Enfin, une autre question connexe se pose, à savoir la vitesse à laquelle va croître la production potentielle. Nous anticipons encore une accélération, mais moindre que prévu il y a un an, soit la dernière fois que nous avons mis à jour nos estimations. Dans la note analytique du personnel que la Banque a publiée aujourd’hui, vous pouvez voir que cette situation tient surtout à la faiblesse des investissements. Cela dit, à mesure que l’économie gagnera en vigueur et se rapprochera de sa pleine capacité, les investissements accrus, y compris ceux associés à la création d’entreprises, pourraient entraîner une augmentation de la production potentielle plus rapide que ce que suppose le scénario de référence. Certains des outils dont se sert la Banque ont eu tendance à sous-estimer la croissance de la production potentielle durant les périodes d’expansion, ce qui a donné lieu à des révisions à la hausse par la suite. Si la croissance de la production potentielle se révèle supérieure à nos attentes, l’économie pourrait croître davantage avant de générer des pressions inflationnistes.

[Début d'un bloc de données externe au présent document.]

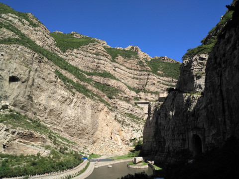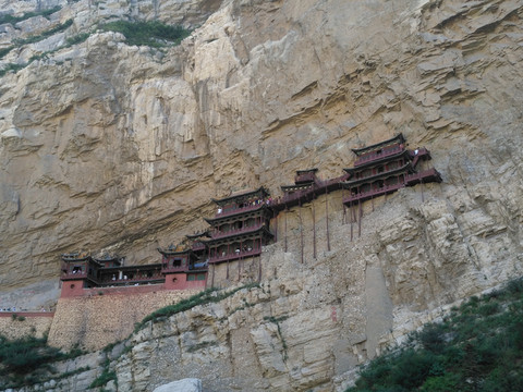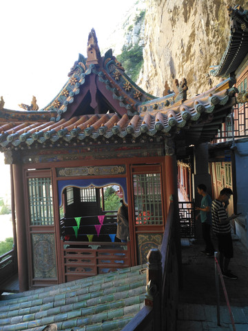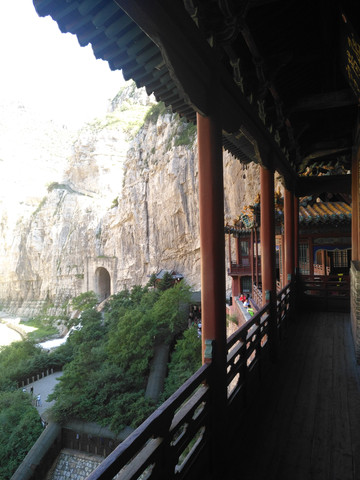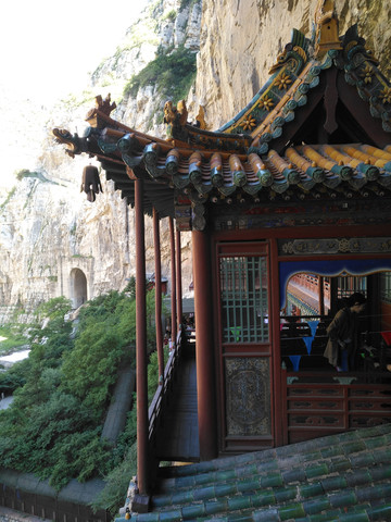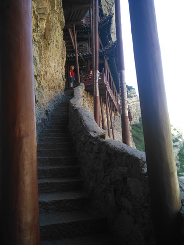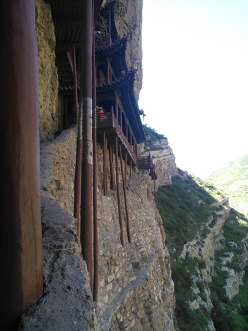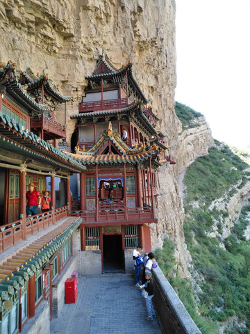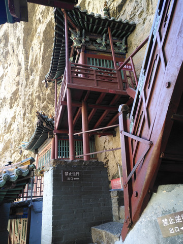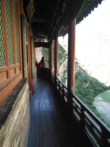 沿著窄狹的石階逐級而上,我們小心謹慎地攀爬懸空寺,石階和廊道是緊貼著懸崖峭壁的,很多地方只能容一人通過,在稍寬闊處和其他遊人相遇,雙方也要側身而過。穿過幾間小小的閣樓,來到寺院一樓前的平台,雖說是一樓,其實此處距地面已有幾十米高了,站在這裡,金龍峽壯麗的風光盡收眼底;回頭仰望從絕壁間伸出的殿宇和飛簷,令人有一種目眩的感覺,可以想像當年工匠們在絕壁間修建殿宇時具有何等的勇氣!我顫抖著雙腿繼續攀登上面的各個殿宇,面積都是很小的,而且越來越高,我的心急促地跳著,也不敢細細欣賞,一步一步在向前邁進,唯恐踩錯腳下的梯級。當我站在最上面的小殿前,腳下就是懸崖峭壁,對面峽谷因地質強烈運動形成的彎曲岩層清晰可見,真可謂岩壁立千屻,大氣磅礴!此情此景,我們怎不為大自然的鬼爺神工而感嘆啊!

Selon notre scénario de référence concernant la croissance et la production potentielle, les capacités excédentaires se résorberont au sein de l’économie au cours du premier semestre de 2018, soit un peu plus tôt que prévu en janvier.  J’aimerais souligner également que nous estimons maintenant que le taux d’intérêt neutre au Canada est plus bas que nous le pensions auparavant. Bien que les conditions financières continuent d’alimenter fortement la croissance, ce constat implique qu’elles sont un peu moins expansionnistes maintenant que nous le jugions en janvier.

Voilà qui m’amène à notre décision dans la poursuite de notre cible d’inflation. Le Conseil de direction voit d’un bon œil la robustesse récente des données économiques et souhaite la voir se maintenir avant de pouvoir considérer avec plus d’assurance que la croissance repose sur des bases solides. Nous estimons que l’économie dispose encore d’une marge notable pour croître. Et nous tenons compte du fait qu’une incertitude considérable pèse encore sur les perspectives.  

Dans ce contexte, nous avons estimé que la politique monétaire actuelle est encore appropriée et nous avons maintenu le taux cible du financement à un jour à 1/2 %.

Sur ce, le gouverneur Poloz et moi serons heureux de répondre à vos questions.